The gargantuan tasks of delivering good numbers and upholding their organization’s good name are enough to keep most CEOs up at night. As businesses maneuver the route from recession toward recovery, what are the specific preoccupations of newly hired CEOs, who are likely under more pressure to bring about positive change immediately?
According to results of a survey of 2,000 leaders released by The Week in November 2011, the underlying business issues that the next generation of chief executives cares about most are their preparedness to respond to market conditions; improving organizational collaboration; and the quality of their talent pool.
Because the stakes are especially high for newly minted chiefs, PR teams should adopt a disciplined approach to reputation management.

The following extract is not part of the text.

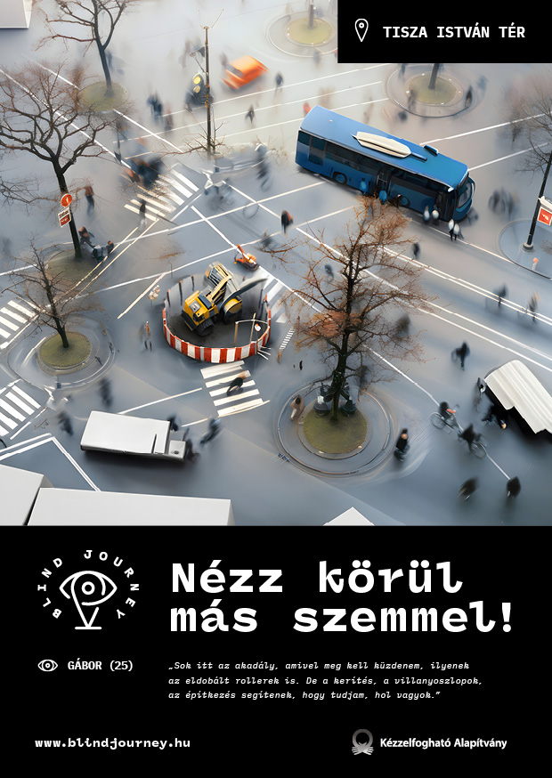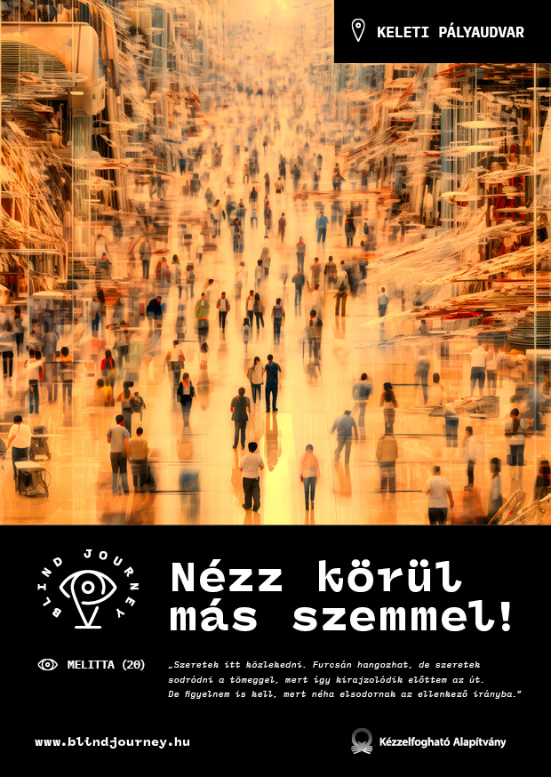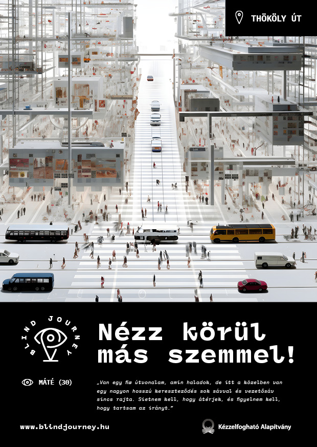 Nehéz elképzelni, hogyan érzékelik a körülöttünk lévő világot azok, akik születésüktől fogva vakok. Így sokszor lehetsz bizonytalan, hogyan fordulj hozzájuk, hogyan teremts velük kapcsolatot. Ezért hívtuk segítségül a mesterséges intelligenciát, hogy hét születésétől fogva vak ember meg tudja mutatni, hogyan érzékelik Budapest forgalmas csomópontjait, ahol te is és ők is, nap mint nap megfordultok. Nézd meg az alkotásaikat, utazz velük, fedezd fel, ők hogyan látják a világot, és mindig jusson eszedbe amikor a városban vagy, hogy nézz körül más szemmel is, és segíts ott, ahol tudsz!

Harris Interactive (Disclosure: Harris Interactive is a client of Gibbs & Soell), which has conducted its annual Reputation Quotient (RQ®) since 1999, has isolated the close relationship between reputation and market capitalization. The research company asked 17,000 U.S. adults to rate the reputations of highly visible companies according to six factors: social responsibility, emotional appeal, financial performance, products and services, vision and leadership and workplace environment.
The highest possible score is 100. Companies with a minimum score of 70 are seen as having a “good reputation,” while ratings of 80 and above are reserved for companies with an “excellent reputation.”

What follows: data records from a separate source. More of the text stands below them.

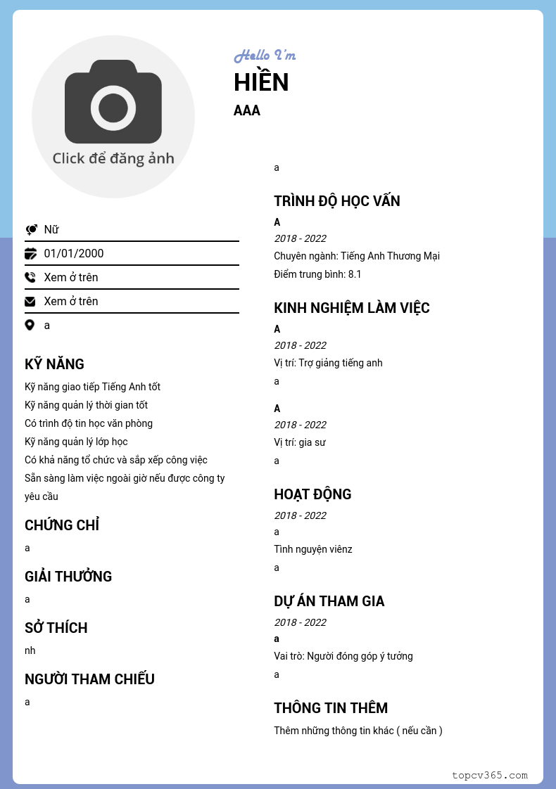 CHI TIẾT ỨNG VIÊN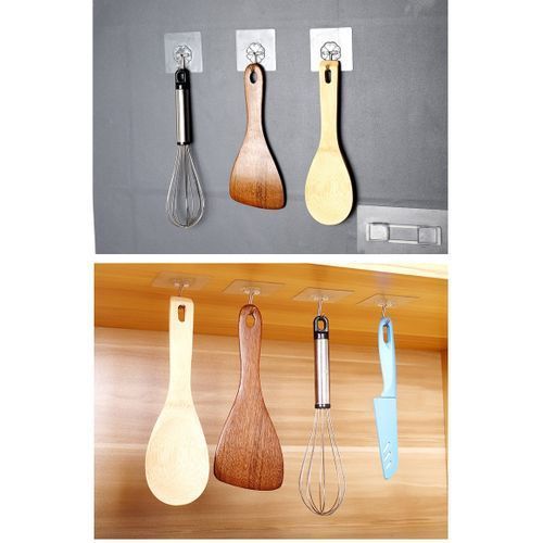 This item is our economic self-adhesive hook, comes with 10 pieces, it's made of high quality transparent PVC and stainless steel, including the strong glue, the size is compact to save space when you stick it on the bathroom wall, kitchen wall, even the door or furniture, it can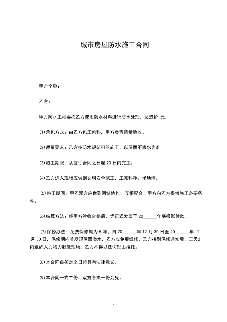 10、付款办法:在合同签订后支付合同价的30%作为预付款,竣工验收合格后一次性付清工程款。保修期一年。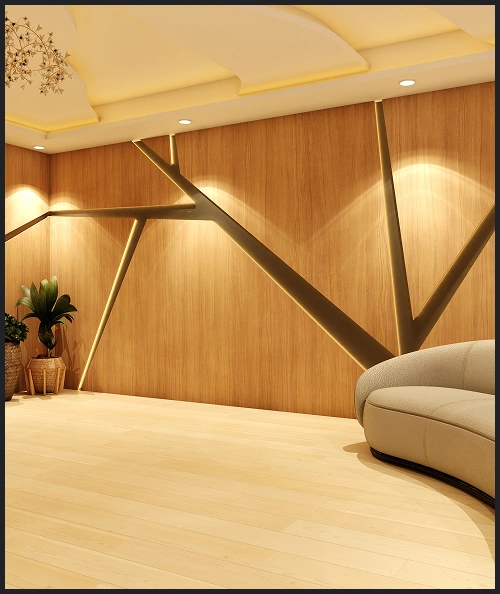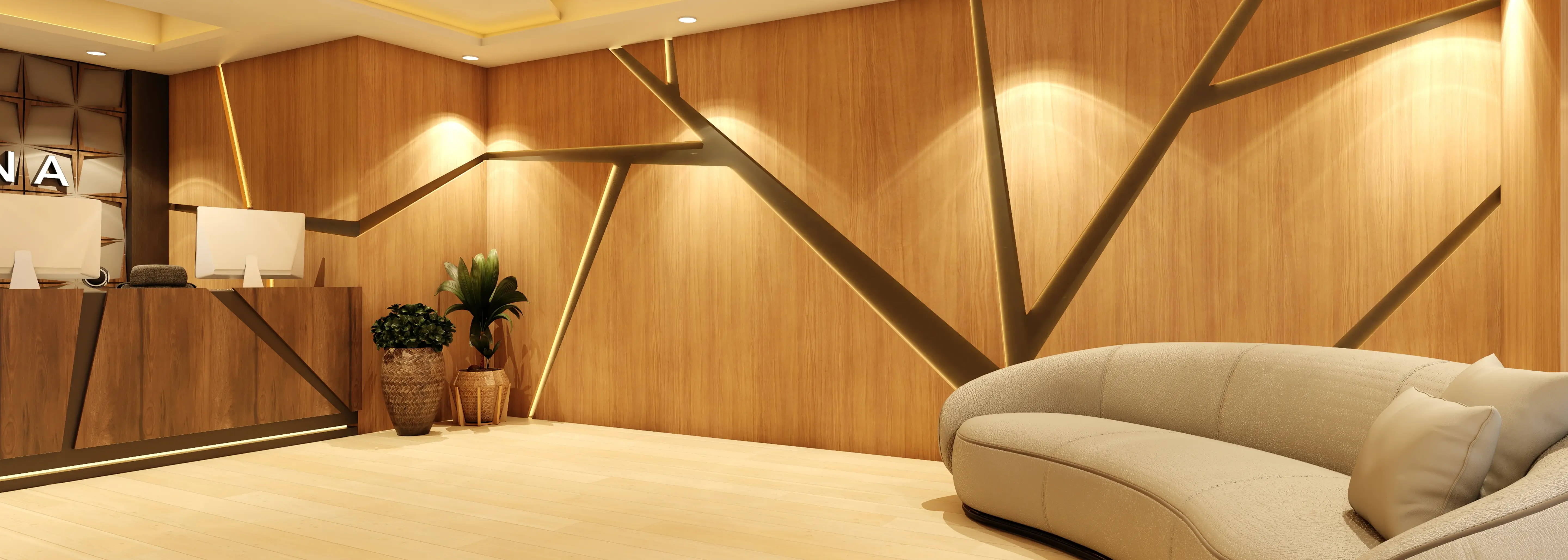 A modern luxury reception space featuring warm wooden paneling with sculptural geometric inlays, soft ambient lighting, a statement lattice backdrop behind the desk, and elegant contemporary furnishings. The design blends natural textures, artistic wall detailing, and refined ceiling accents to create a welcoming yet upscale atmosphere that sets the tone for a sophisticated guest experience.

The 2012 RQ results placed Apple atop its rankings, followed in order by Google, Coca-Cola Company, Amazon, Kraft Foods, The Walt Disney Company, Johnson & Johnson and Whole Foods Market, all of which scored at least 80 on the ratings scale.

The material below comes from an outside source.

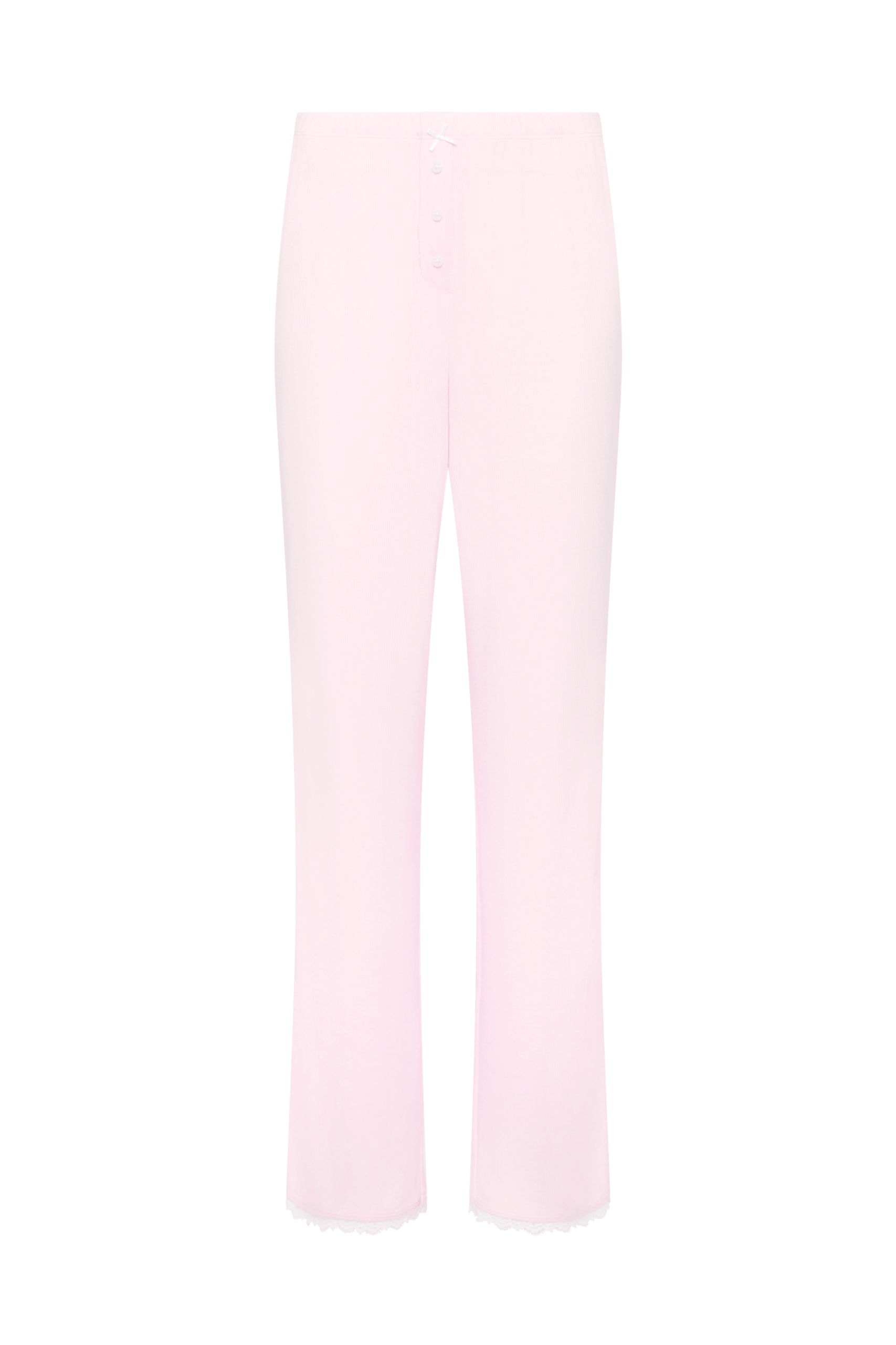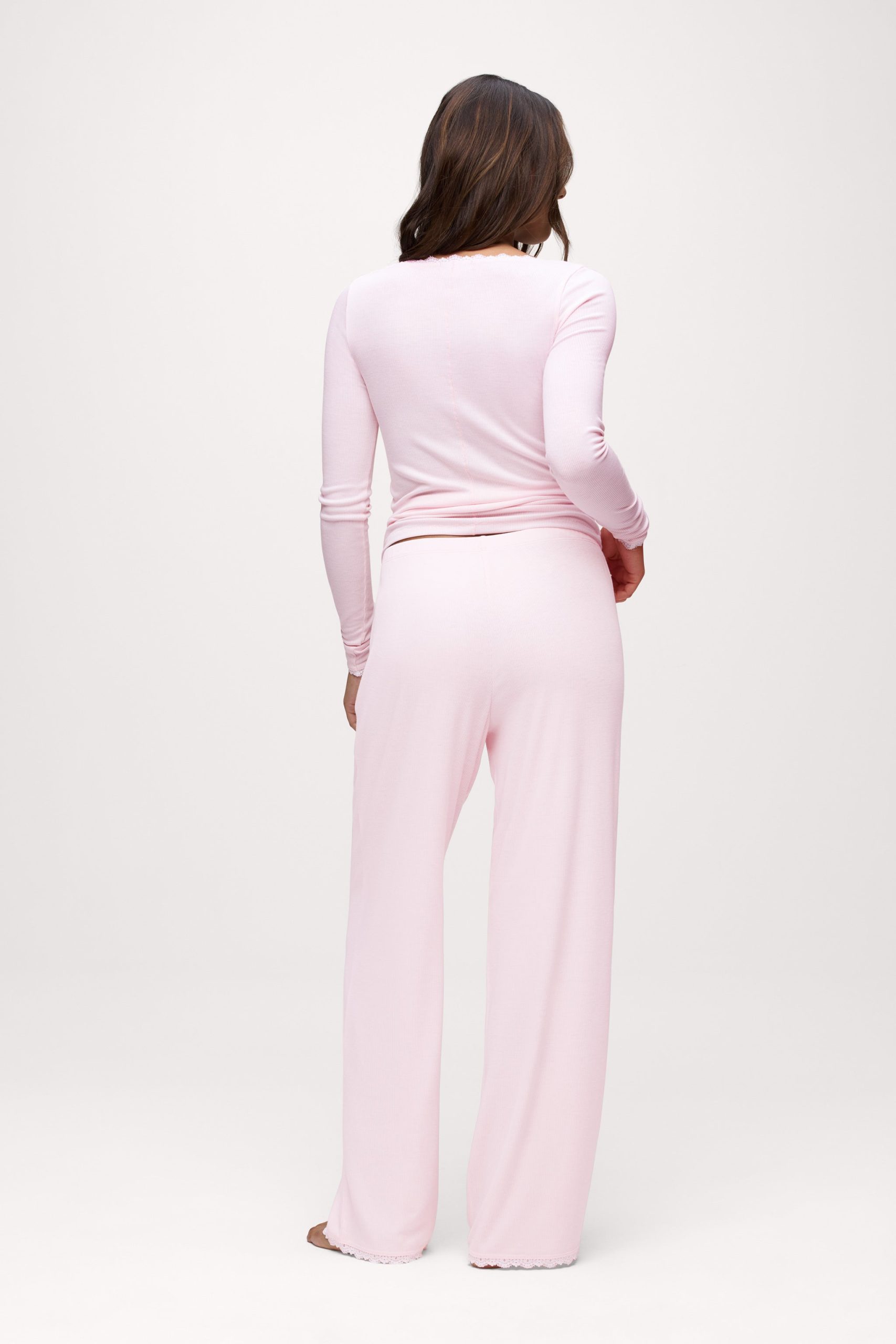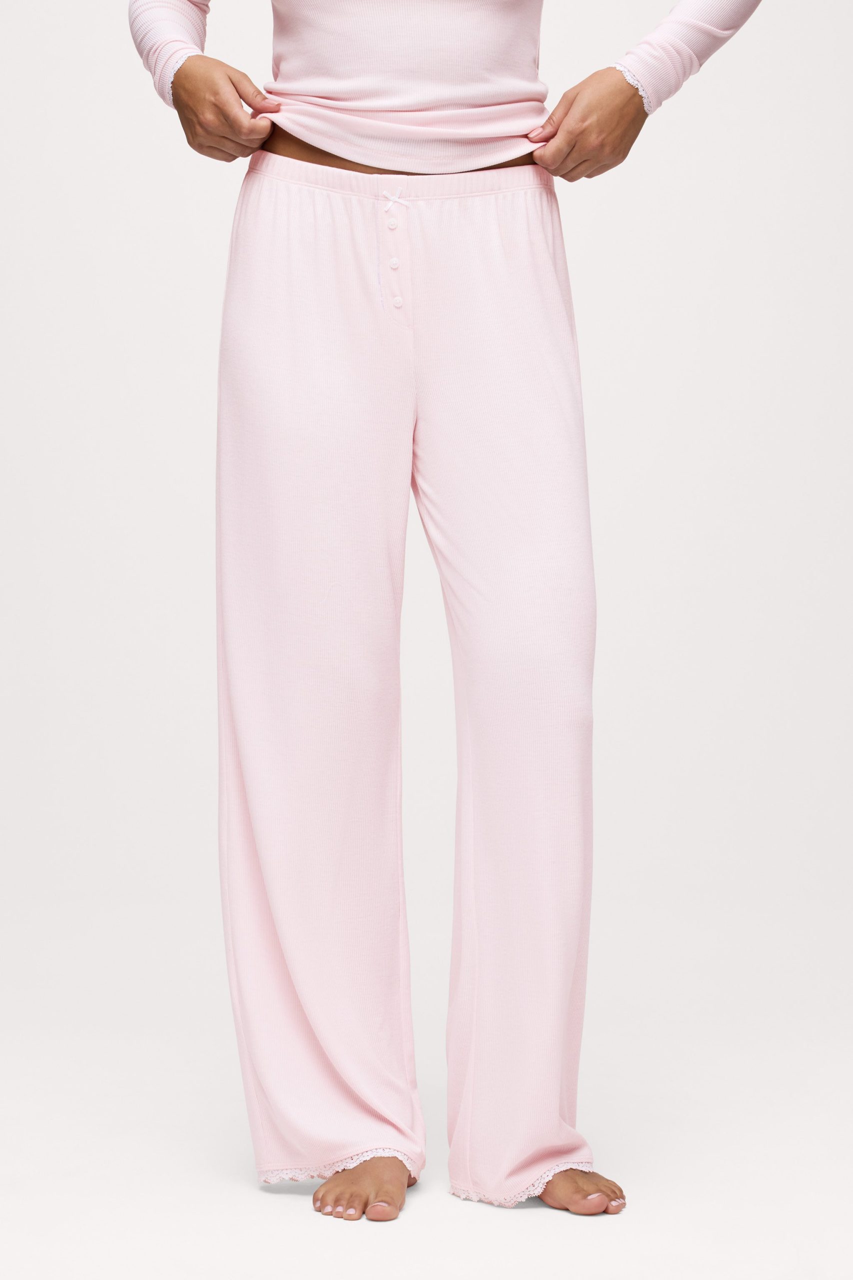 A softly draped ribbed wide-leg pajama pant with a relaxed, flattering shape. Designed to sit comfortably at the waist, it features subtle button detailing and a satin bow, with delicate lace along the hem for a feminine finish. Pair it with the Sweetheart Pajama Top for a cohesive, elevated set.

Within the six dimensions of reputation, Apple was ranked first in four: financial performance, products and services, vision and leadership and—despite lingering negative news about its China-based supplier’s severe labor practices—workplace environment.
Some observers of the Harris poll were astonished to learn that Johnson & Johnson achieved an “excellent reputation” rating given its recent spate of product recalls, or that Amazon scored first in the “emotional appeal” category despite the absence of direct human experiences in transactions with the online company.
In fact, purchasing preference is an important action that companies striving for a good reputation hope to achieve. Another is instilling investor confidence. A look at the recent financial markets landmark—the first time the Dow Jones industrial average has closed above 13,000 since May 2008—offers another angle.
Of the companies that posted the largest gains in the four years since the 13,000 mark was last pierced, the top three— McDonald’s, Home Depot and IBM — also possess a “good reputation,” as measured on the Harris RQ scale. These results are stunning reminders to PR pros that connecting the dots between reputation management and critical business objectives is more important than ever.
In their roles as stewards of the company’s reputational assets, communications strategists must be as precise as their counterparts in finance in carrying out their responsibility.
During the strategy development phase, public relations advisers should not lose sight of the most pressing issues faced by their CEO client and subject their thinking to the leader’s “insomnia challenge”:
• Market Conditions: Does this communications strategy include contingency plans to anticipate business risks? Can it be scaled up or down to address changes in the business landscape?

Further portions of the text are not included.